Dr Anwar CHERKAOUI avec le concours du Dr Hicham EL ATTAR, président du Congrès Africain d’Anatomopathologie Digitale
Le Maroc accueillera du 28 au 30 avril 2026, le 2eme congrès de la Société Africaine d’Anatomopathologie Digitale
Que représente la digitalisation de l’anatomopathologie enbtermes de gains observés à différents niveaux dans les systèmes de santé à travers le Monde ?
Aux États-Unis, l’un des systèmes de santé les plus innovants au monde a amorcé une profonde transformation de l’anatomopathologie traditionnelle vers des flux de travail numériques.
De nombreux hôpitaux universitaires et centres de recherche investissent massivement dans des plateformes de digital pathology, intégrant l’imagerie haute définition des lames et des outils d’intelligence artificielle pour analyser les tissus.
Cette digitalisation a permis de réduire les délais de diagnostic, d’améliorer la précision des résultats et de faciliter la collaboration entre spécialistes même à distance, en supprimant la nécessité d’envoyer physiquement des lames d’un laboratoire à un autre.
La réponse rapide de spécialistes à distance ainsi que l’accès immédiat aux données numériques ont transformé la prise en charge des patients, notamment dans le domaine de l’oncologie où une interprétation rapide et précise est essentielle.

En Europe, plusieurs pays ont fait de la santé numérique un axe stratégique.
Dans les principaux systèmes de santé allemands, britanniques ou français, l’introduction de la numérisation des lames anatomopathologiques s’est accompagnée d’une standardisation des formats d’images et d’un partage plus fluide des données entre laboratoires.

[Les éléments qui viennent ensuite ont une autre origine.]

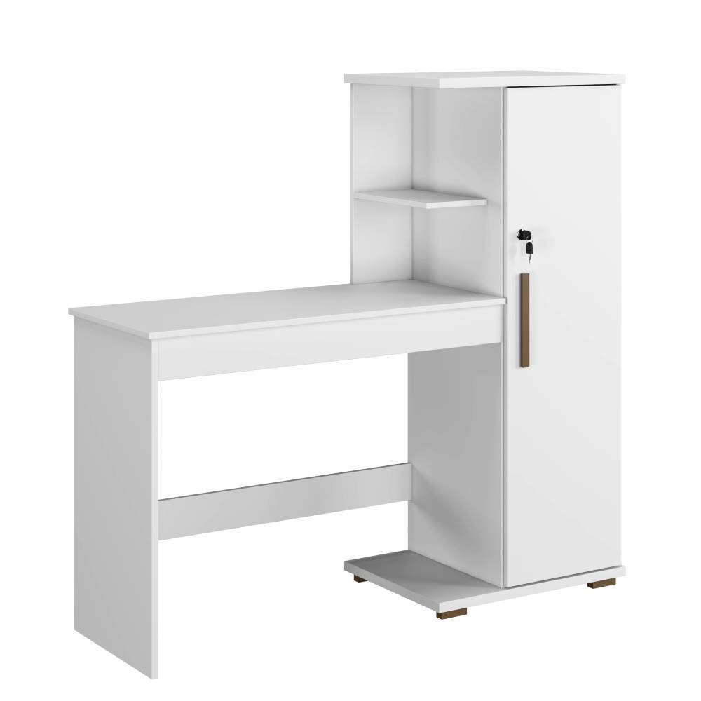 A Escrivaninha Savana Branco da Arte Móveis foi pensada para quem precisa de um ambiente de trabalho funcional, seguro e com estilo. Com design moderno e linhas retas, ela oferece um espaço completo para home office ou estudo, integrando bancada ampla, nicho organizador e armário com chave para mais segurança.

Grâce à ces plateformes numériques, les équipes médicales ont constaté une simplification des flux de travail, une baisse des coûts logistiques liés au transport et à l’archivage des lames physiques, et une réduction des erreurs humaines liées à la manipulation des échantillons.

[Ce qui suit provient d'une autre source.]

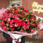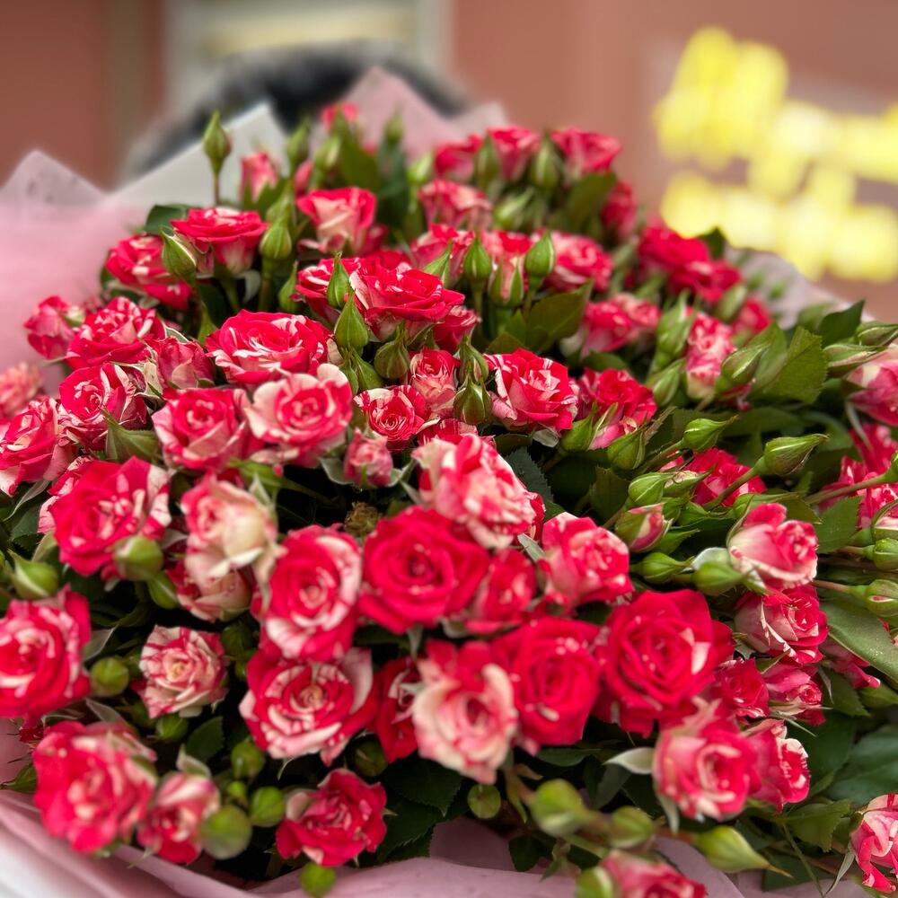 Кустовая роза – 15 шт. Матовая пленка – 1 шт. Тишью – 1 шт.

Ces gains ont été particulièrement visibles dans les réseaux hospitaliers où la consultation inter-établissements s’effectue désormais en quelques clics.
En Asie, l’expérience de centres hospitaliers comme celui de Séoul illustre la force de la digitalisation appliquée à l’anatomopathologie.
Un grand institut médical sud-coréen a converti des années de lames analogiques en images numériques, permettant ainsi une gestion plus efficace de centaines de milliers de cas par an.
Cette transformation a réduit significativement le temps moyen de diagnostic pour les cas chirurgicaux, augmentant la capacité de prise en charge et renforçant la confiance diagnostique des équipes médicales.
Au Japon, en Chine ou en Inde, les investissements dans les technologies numériques et l’adoption rapide de la télépathologie favorisent l’accès aux diagnostics spécialisés même dans les régions où les pathologistes experts sont rares.
Dans certains pays arabes et au Moyen-Orient, bien que la digitalisation de l’anatomopathologie soit encore en phase de déploiement, de premiers progrès sont observés.
Les initiatives de modernisation des infrastructures hospitalières, notamment dans les États du Conseil de coopération du Golfe (CCG), commencent à intégrer des systèmes de numérisation des lames et des solutions de télépathologie.
Ces technologies permettent aux établissements de santé d’accéder à des expertises externes sans délai, réduisant les inégalités d’accès au diagnostic spécialisé.
Parallèlement, des événements scientifiques dédiés à la pathologie numérique, comme des congrès internationaux tenus en Afrique du Nord, montrent une volonté croissante de partager les bonnes pratiques et de coordonner les efforts régionaux pour accélérer l’adoption de ces outils.
Les bénéfices observés au niveau des systèmes de santé sont multiples.
La digitalisation de l’anatomopathologie accélère les délais de diagnostic, améliore la précision grâce à l’intégration de l’intelligence artificielle et réduit les coûts logistiques liés à la gestion physique des lames.
Elle favorise également la collaboration internationale, permettant à des experts de différents pays de consulter simultanément les mêmes images numériques, ce qui enrichit la qualité des avis médicaux.
Enfin, dans des contextes de pénurie de spécialistes, la numérisation aide à mieux répartir les ressources humaines et à élargir l’accès à des diagnostics spécialisés.
Dans un monde où les défis de santé publique exigent rapidité, précision et collaboration, l’essor de l’anatomopathologie numérique s’impose comme un vecteur majeur de transformation des soins.
Cette révolution silencieuse, portée par des technologies de pointe, redessine aujourd’hui les contours des systèmes de santé à travers les continents.